═════ RECORDS TO USE

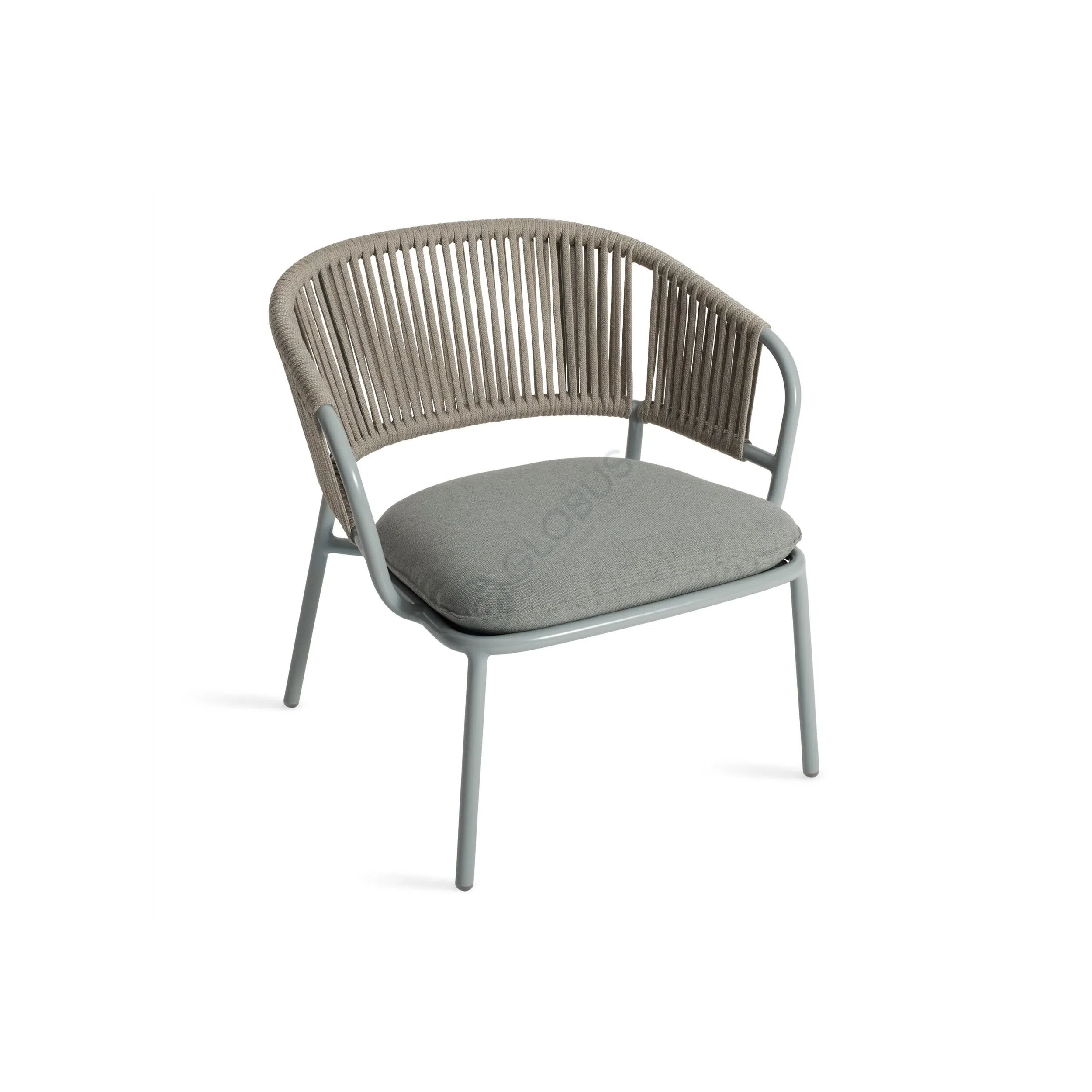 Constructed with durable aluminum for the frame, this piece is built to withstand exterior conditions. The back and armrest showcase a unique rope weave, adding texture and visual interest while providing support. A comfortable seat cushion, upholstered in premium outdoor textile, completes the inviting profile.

══════════
═════ RECORDS TO USE

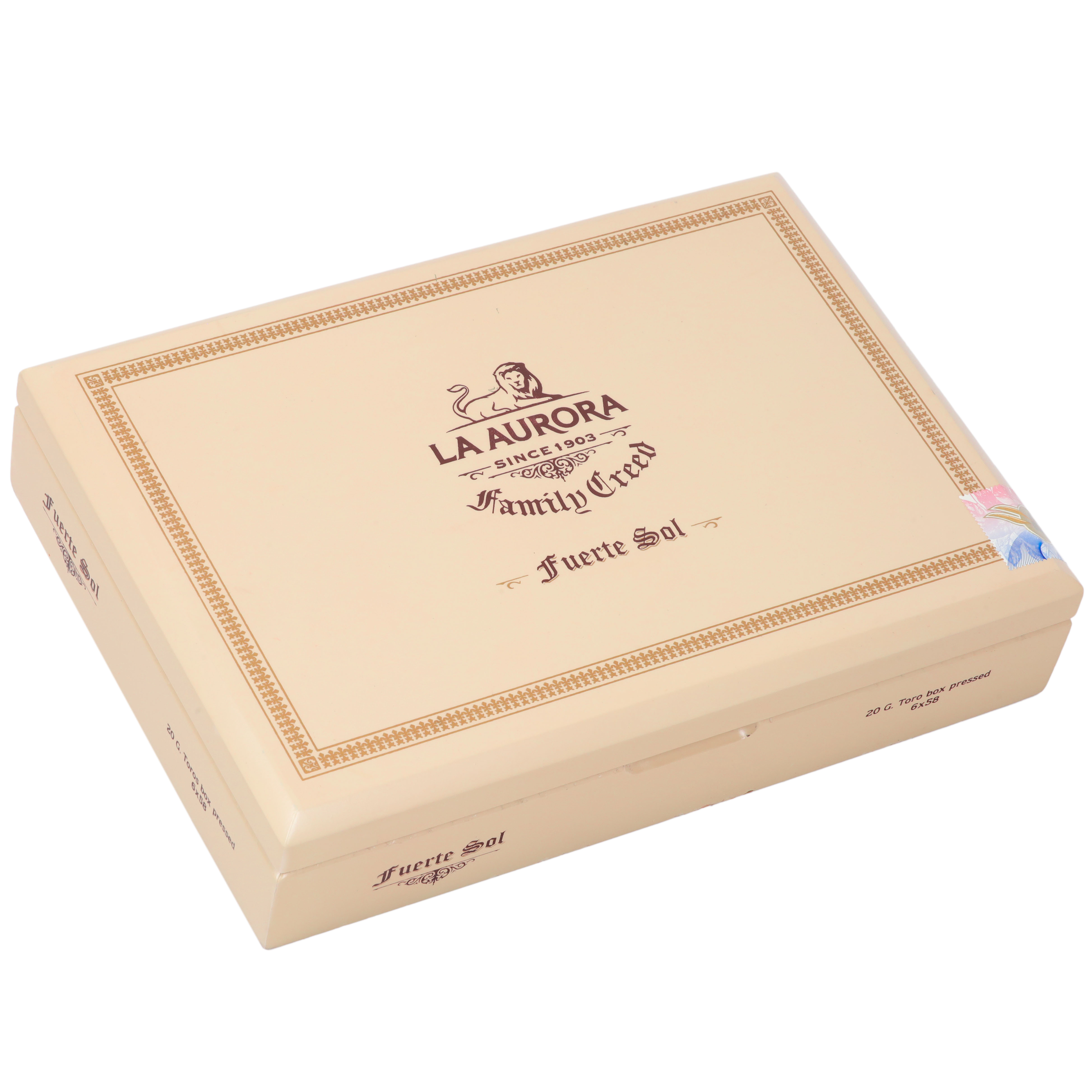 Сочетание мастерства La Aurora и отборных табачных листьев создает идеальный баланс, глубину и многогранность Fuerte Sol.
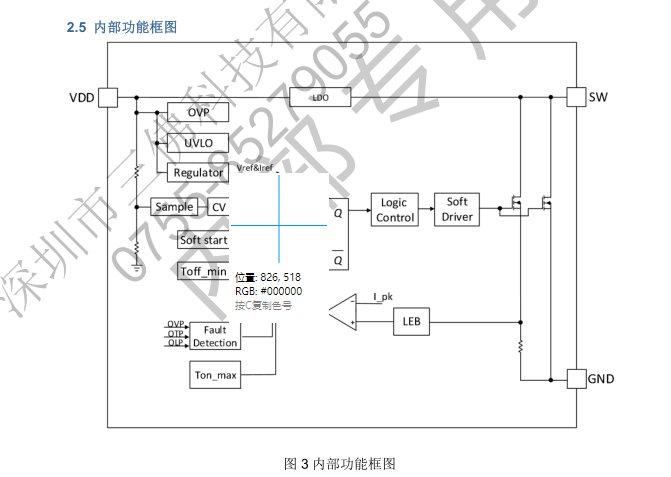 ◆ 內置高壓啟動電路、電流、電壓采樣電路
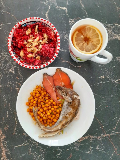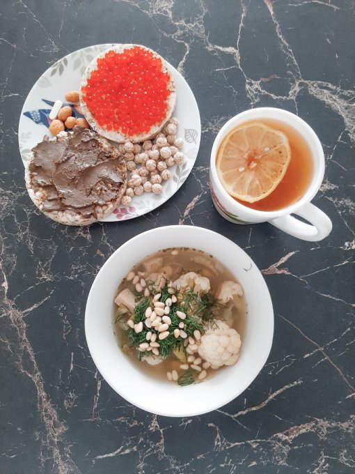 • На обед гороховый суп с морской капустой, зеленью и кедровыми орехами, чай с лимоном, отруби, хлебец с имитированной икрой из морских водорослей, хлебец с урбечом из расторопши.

══════════
═════ RECORDS TO USE

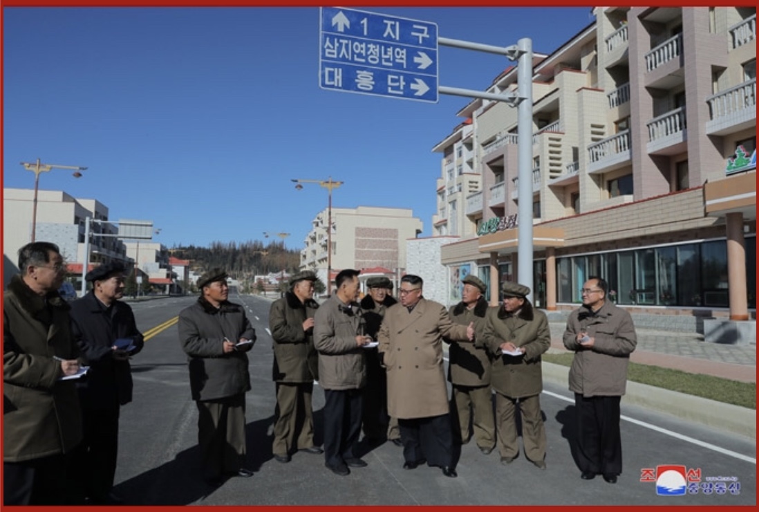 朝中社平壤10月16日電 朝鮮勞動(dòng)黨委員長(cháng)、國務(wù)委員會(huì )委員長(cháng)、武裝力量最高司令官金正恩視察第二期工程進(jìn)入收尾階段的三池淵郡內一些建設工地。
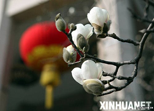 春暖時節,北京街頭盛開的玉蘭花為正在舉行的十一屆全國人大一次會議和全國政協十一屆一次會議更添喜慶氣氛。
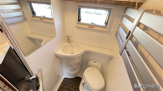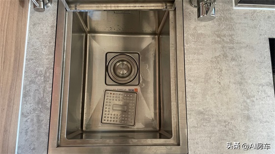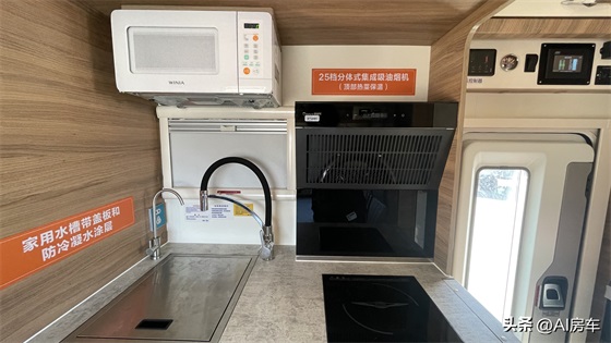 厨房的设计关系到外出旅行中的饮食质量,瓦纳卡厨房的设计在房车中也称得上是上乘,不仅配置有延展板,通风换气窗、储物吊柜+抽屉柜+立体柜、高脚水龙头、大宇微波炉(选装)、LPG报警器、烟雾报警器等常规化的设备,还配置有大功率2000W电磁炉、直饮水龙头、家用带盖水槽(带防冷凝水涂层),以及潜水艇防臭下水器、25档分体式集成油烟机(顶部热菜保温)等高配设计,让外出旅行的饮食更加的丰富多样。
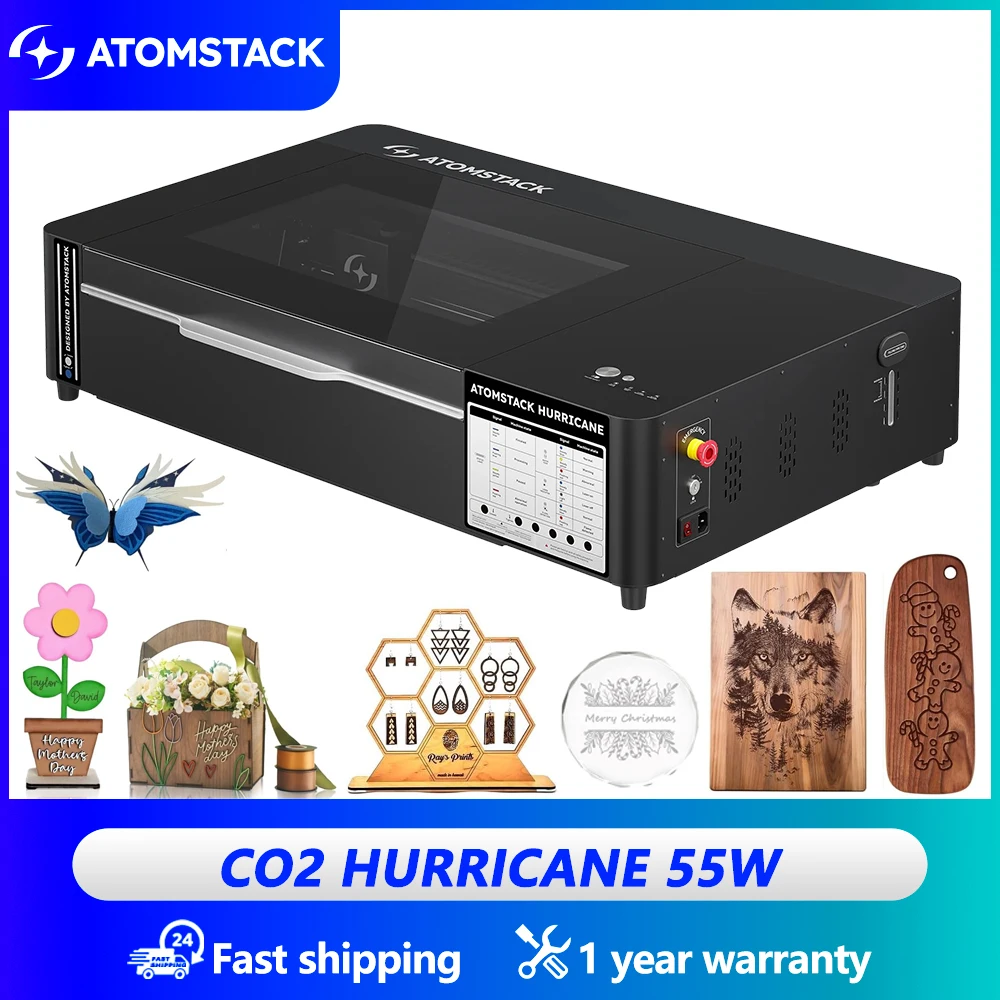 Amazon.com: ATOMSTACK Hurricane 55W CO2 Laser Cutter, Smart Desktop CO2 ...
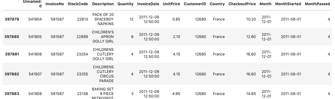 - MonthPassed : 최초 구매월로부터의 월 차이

══════════

** WORK ITEM **
In the data above, retype only the stretch from the line with "Amazon.com: ATOMSTACK Hurricane" through the line with "- MonthPassed : 최초 구매월로부터의 월 차이", word for word, and skip any pictures.

** WORKED SOLUTION **
 Amazon.com: ATOMSTACK Hurricane 55W CO2 Laser Cutter, Smart Desktop CO2 ...
 - MonthPassed : 최초 구매월로부터의 월 차이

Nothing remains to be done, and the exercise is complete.